- Problem requirements -
Set down exactly the lines below between the line holding "近日,廊坊凱博建設(shè)" and the line holding "Alice Cooper And Judas", inclusive; no other line belongs in the answer.

━━━━━ Information ━━━━━

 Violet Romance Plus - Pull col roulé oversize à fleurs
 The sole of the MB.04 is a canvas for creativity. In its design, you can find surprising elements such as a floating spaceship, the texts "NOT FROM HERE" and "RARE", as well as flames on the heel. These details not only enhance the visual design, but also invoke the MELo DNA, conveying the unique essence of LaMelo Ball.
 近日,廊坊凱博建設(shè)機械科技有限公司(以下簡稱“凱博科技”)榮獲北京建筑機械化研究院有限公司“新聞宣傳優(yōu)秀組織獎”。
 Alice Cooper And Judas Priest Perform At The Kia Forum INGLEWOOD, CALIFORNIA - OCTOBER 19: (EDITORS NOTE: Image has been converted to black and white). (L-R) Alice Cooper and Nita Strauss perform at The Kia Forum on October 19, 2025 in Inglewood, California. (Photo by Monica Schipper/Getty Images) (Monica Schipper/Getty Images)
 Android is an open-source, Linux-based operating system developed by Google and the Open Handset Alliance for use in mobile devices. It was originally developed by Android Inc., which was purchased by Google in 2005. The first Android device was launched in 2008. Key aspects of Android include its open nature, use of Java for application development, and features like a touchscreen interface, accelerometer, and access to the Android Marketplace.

━━━━━
━━━━━ Information ━━━━━

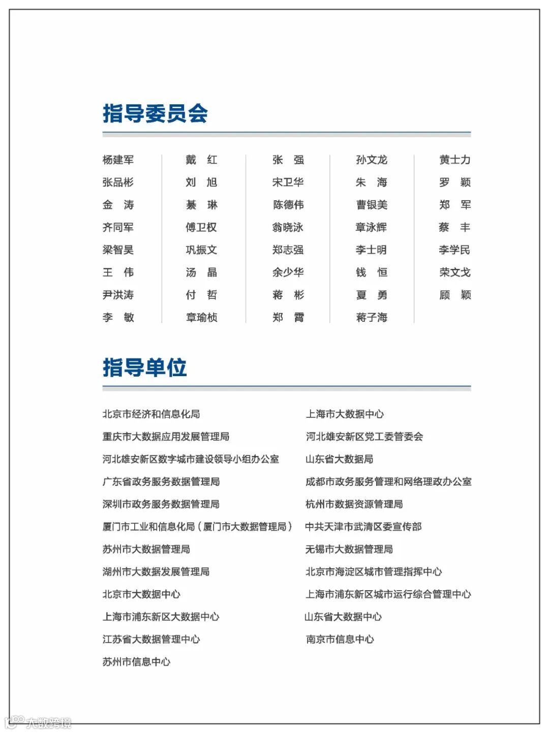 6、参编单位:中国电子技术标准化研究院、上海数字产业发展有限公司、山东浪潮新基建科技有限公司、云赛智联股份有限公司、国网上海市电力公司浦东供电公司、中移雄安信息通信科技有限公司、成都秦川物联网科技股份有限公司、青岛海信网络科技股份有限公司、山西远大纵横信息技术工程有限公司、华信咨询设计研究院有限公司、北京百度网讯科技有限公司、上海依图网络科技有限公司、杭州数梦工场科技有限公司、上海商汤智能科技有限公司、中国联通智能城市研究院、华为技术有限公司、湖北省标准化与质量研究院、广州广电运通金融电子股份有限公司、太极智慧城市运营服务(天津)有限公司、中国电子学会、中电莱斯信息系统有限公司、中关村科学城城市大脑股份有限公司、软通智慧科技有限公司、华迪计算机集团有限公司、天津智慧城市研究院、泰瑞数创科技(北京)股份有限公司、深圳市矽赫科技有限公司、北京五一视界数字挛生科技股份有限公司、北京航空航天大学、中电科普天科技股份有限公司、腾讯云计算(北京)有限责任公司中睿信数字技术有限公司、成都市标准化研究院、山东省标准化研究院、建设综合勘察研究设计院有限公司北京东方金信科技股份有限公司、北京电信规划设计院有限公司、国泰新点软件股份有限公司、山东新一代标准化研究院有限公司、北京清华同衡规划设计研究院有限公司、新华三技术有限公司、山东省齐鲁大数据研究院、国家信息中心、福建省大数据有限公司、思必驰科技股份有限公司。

━━━━━
━━━━━ Information ━━━━━

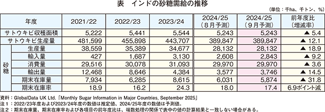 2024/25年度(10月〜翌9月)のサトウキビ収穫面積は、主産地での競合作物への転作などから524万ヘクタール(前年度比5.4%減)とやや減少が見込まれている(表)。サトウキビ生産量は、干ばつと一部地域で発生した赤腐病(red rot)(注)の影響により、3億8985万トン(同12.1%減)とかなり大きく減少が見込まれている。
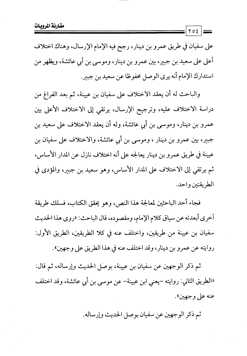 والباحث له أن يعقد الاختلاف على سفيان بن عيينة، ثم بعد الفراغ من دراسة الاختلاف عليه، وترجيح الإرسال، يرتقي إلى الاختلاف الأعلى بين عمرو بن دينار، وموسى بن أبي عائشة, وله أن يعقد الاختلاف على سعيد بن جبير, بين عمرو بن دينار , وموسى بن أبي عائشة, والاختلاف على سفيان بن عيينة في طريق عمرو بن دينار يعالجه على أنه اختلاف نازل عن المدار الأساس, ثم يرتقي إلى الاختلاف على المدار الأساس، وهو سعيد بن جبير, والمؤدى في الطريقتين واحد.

━━━━━

- Completed task -
 近日,廊坊凱博建設(shè)機械科技有限公司(以下簡稱“凱博科技”)榮獲北京建筑機械化研究院有限公司“新聞宣傳優(yōu)秀組織獎”。
 Alice Cooper And Judas Priest Perform At The Kia Forum INGLEWOOD, CALIFORNIA - OCTOBER 19: (EDITORS NOTE: Image has been converted to black and white). (L-R) Alice Cooper and Nita Strauss perform at The Kia Forum on October 19, 2025 in Inglewood, California. (Photo by Monica Schipper/Getty Images) (Monica Schipper/Getty Images)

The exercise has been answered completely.